== Work to complete ==
Copy out only the lines running from the one that contains "Tecno Camon 40" through the end of the listing. Pictures stay out.

== Stored data ==
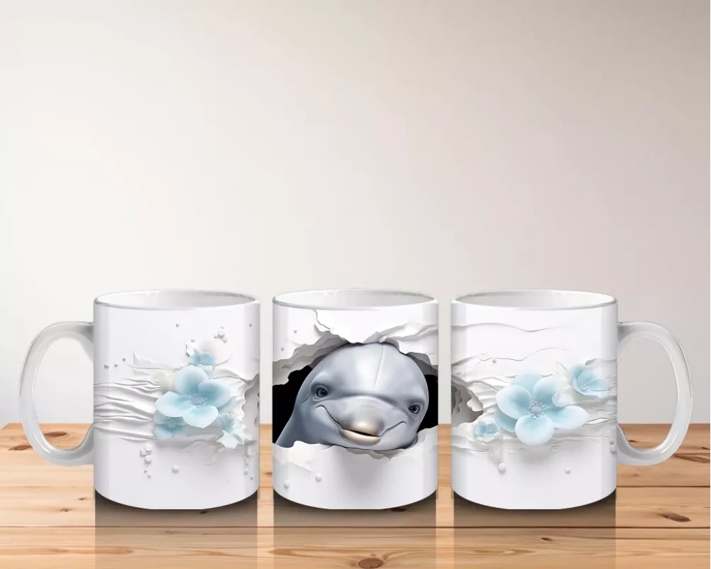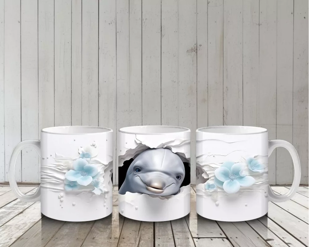Çatlak duvarın içinden enerjik bir şekilde çıkan yunus figürü, sürprizli ve neşeli bir sahne yaratıyor. Deniz temasını sevenler için hem eğlenceli hem dinamik bir kupa tasarımı.
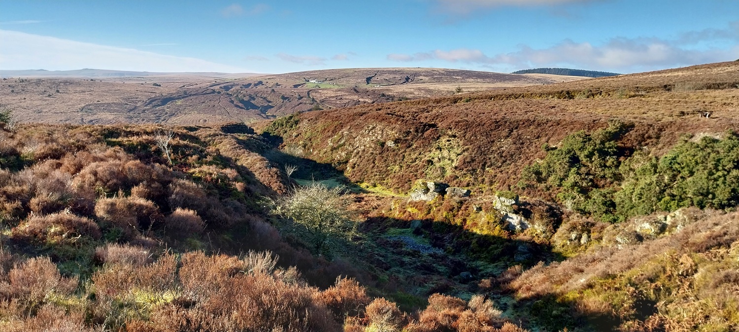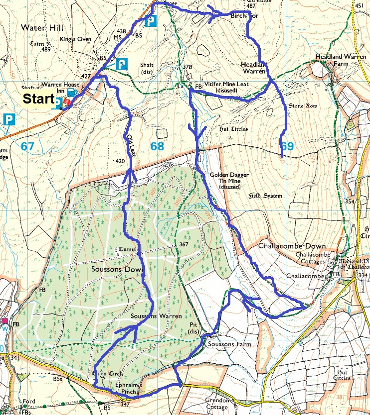 Route – Bennet’s Cross – Four Aces – Birch Tor – Chaw Gully – Challacombe Stone Row – Challacombe Down – Chaw Gully – Vitifer Mine – Golden Dagger Mine – Soussons Down – Ephraim’s Pinch – Soussons Cairn Circle – Soussons Forest – Vitifer Mine – Warren House Inn
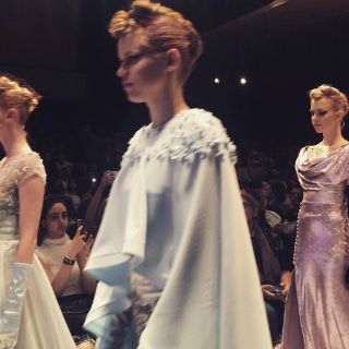 La colección es Otoño-Invierno 2016-2017 presentó una paleta de colores de rosas y azules en tonos pastel, así como grises y negros, algunos outfits lucieron radiantes con abrigos estilizados y evocadores que Benito pondrá próximamente a la venta.
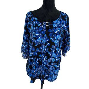 Adrienne Vittadini Butterfly Tunic Top Womens Size 2x Stretch Bell Sleeve Fairy
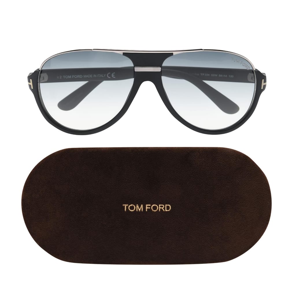 Finish your sunny day style with these Tom Ford Dimitry Vintage Aviator Sunglasses. Crafted with a rounded aviator frame, this pair feature tonal UV protected lenses with silver-toned metal trims to the top of the brow bar and a logo engraved plaque to the tip of the arms before finally being stamped with the signature T's to the temples for a sleek luxurious look. Accompanied with a protective branded case and matching wipe cloth.
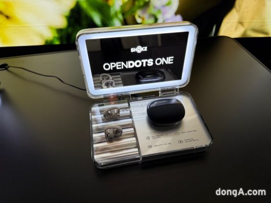 ‘오픈닷 원’은 샥즈 최초의 클립온 타입 이어폰으로, 한쪽당 6.5g의 가벼운 무게와 티타늄을 사용한 합금 프레임, 고급 실리콘 마감으로 착용감을 높인 것이 특징이다. 현장에서 직접 착용해 보니 귀에 끼웠을 때 불편함이 없으면서도 고정이 확실하게 돼 안정적인 느낌이 들었다. 달리기 등 격렬한 운동을 해도 귀에서 빠지지 않는다고 한다.
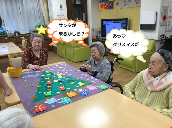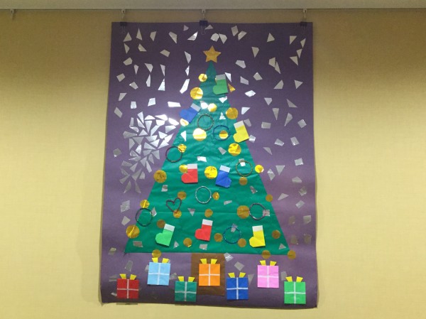 1階は壁飾りでクリスマスツリーを作っていました☆
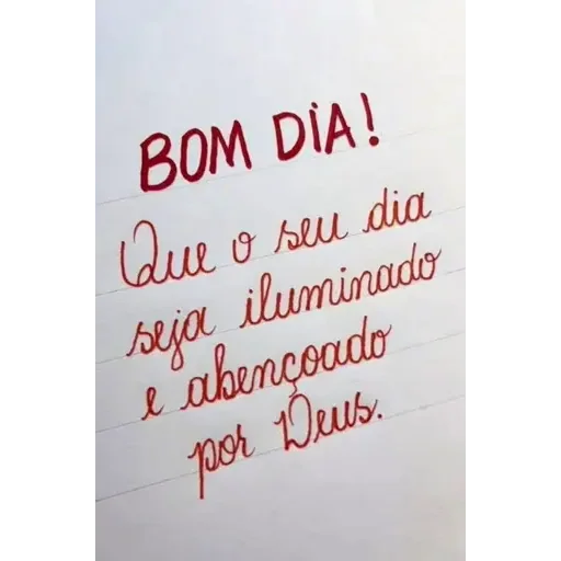 Uma mensagem de bom dia escrita em vermelho, 'BOM DIA! Que o seu dia seja iluminado e abençoado por Deus.'
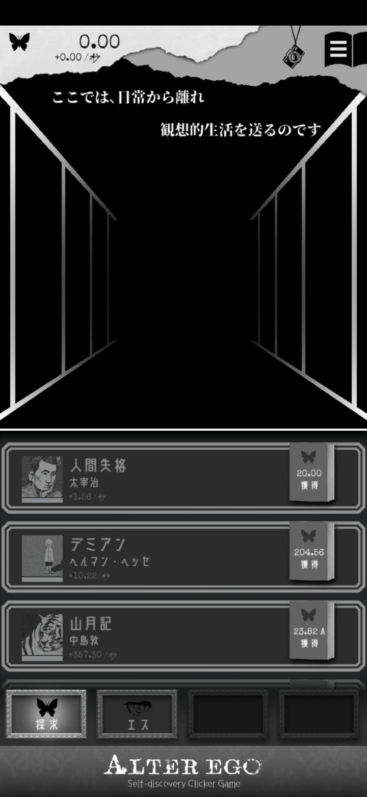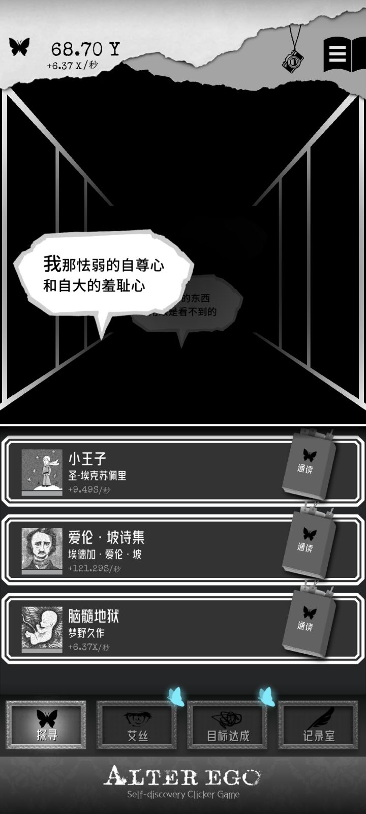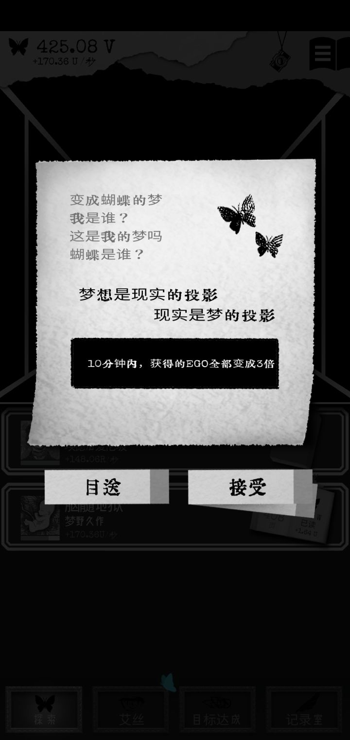 肝完了《脑髓地狱》就算是时间调度大法也估计调了两个半小时。不过中途还发现了一些彩蛋。(当我发现它不止496页的时候我差点疯了,还好后面一百多页不是很难凑。)1.当泡泡凑近的时候点泡泡的ego大概会是原来的两倍。(可能就是要你直面问题吧。)2.到后面(不知道什么时候会有每日一只蝴蝶,触发10分钟内所有获得ego乘三的buff)3.到了后面我才知道,原来Es房间的那只蝴蝶是可以点的😓
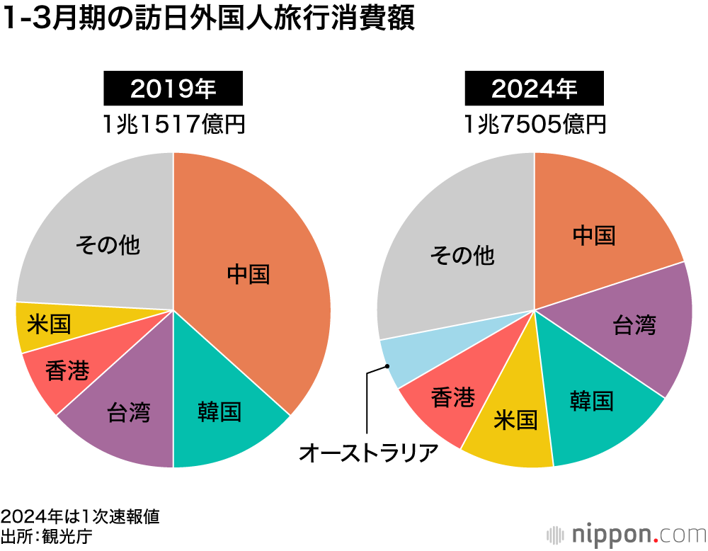 観光庁がこのほど発表した訪日外国人消費動向調査(1次速報)によると、2024年1-3月期の旅行消費額(推計)は、前年同期比73.3%増の1兆7505億円となった。この額は、新型コロナウイルス感染拡大前の2019年同期と比べても、52.0%も増加した。
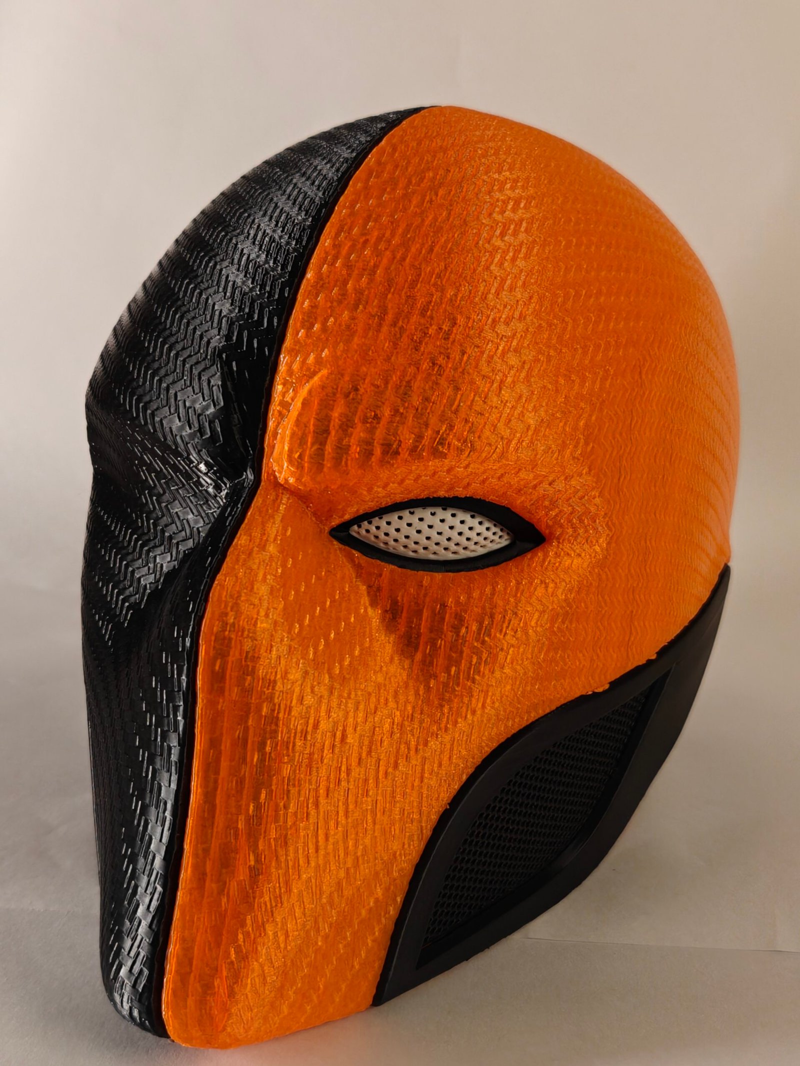 A 3D printed mask of slade wilson or Deathstroke that’s made and ships locally in India! Should fit most heads upto a hat size of 22-23 inches (circumference measured at your forehead). Halves snap on magnetically for easy assembly.
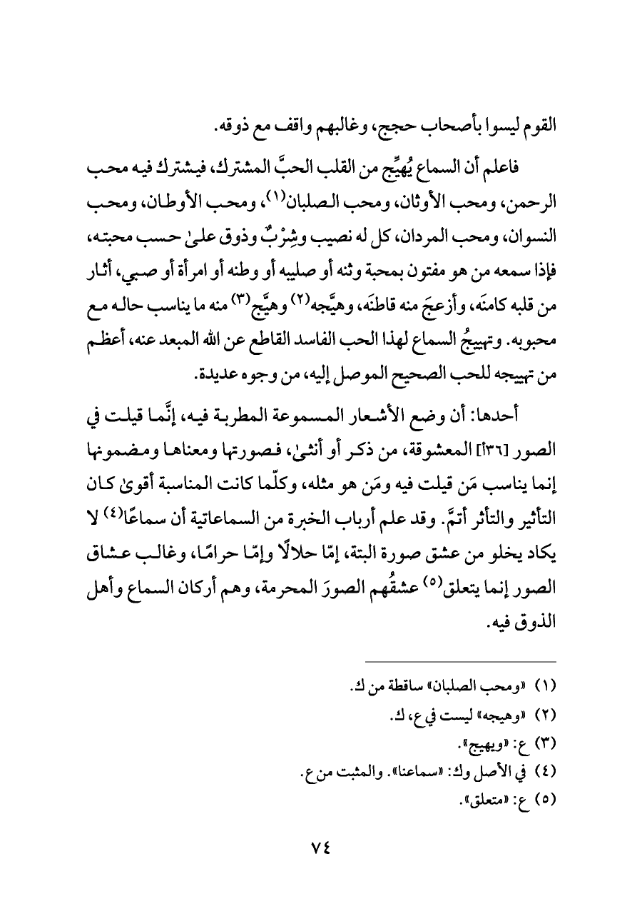 أحدها: أن وضع الأشعار المسموعة المطربة فيه، إنَّما قيلت في الصور [٣٦ أ] المعشوقة، من ذكر أو أنثى، فصورتها ومعناها ومضمونها إنما يناسب مَن قيلت فيه ومَن هو مثله، وكلّما كانت المناسبة أقوى كان التأثير والتأثر أتمَّ. وقد علم أرباب الخبرة من السماعاتية أن سماعًا (¬٤) لا يكاد يخلو من عشق صورة البتة، إمّا حلالًا وإمّا حرامًا، وغالب عشاق الصور إنما يتعلق (¬٥) عشقُهم الصورَ المحرمة، وهم أركان السماع وأهل الذوق فيه.
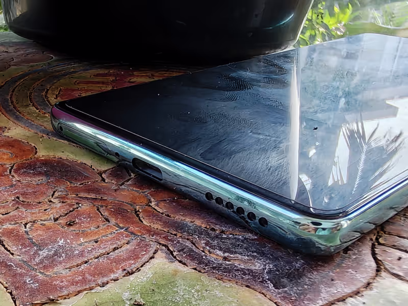 Tecno Camon 40 yang saya dapatkan memiliki Emerald Glow Green, dan memang sangat cocok untuk mereka yang bosan terhadap warna hitam. Desainnya mengusung konsep leher angsa dengan lekukan halus di bagian belakang yang memberikan kesan premium. Back case dan frame-nya terbuat dari plastik dengan lapisan glossy yang tahan sidik jari.
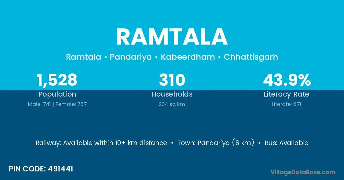 Ramtala village has a total population of 1,057 people, of which 528 are males and 529 are females.

== Exercise result ==
 Tecno Camon 40 yang saya dapatkan memiliki Emerald Glow Green, dan memang sangat cocok untuk mereka yang bosan terhadap warna hitam. Desainnya mengusung konsep leher angsa dengan lekukan halus di bagian belakang yang memberikan kesan premium. Back case dan frame-nya terbuat dari plastik dengan lapisan glossy yang tahan sidik jari.
 Ramtala village has a total population of 1,057 people, of which 528 are males and 529 are females.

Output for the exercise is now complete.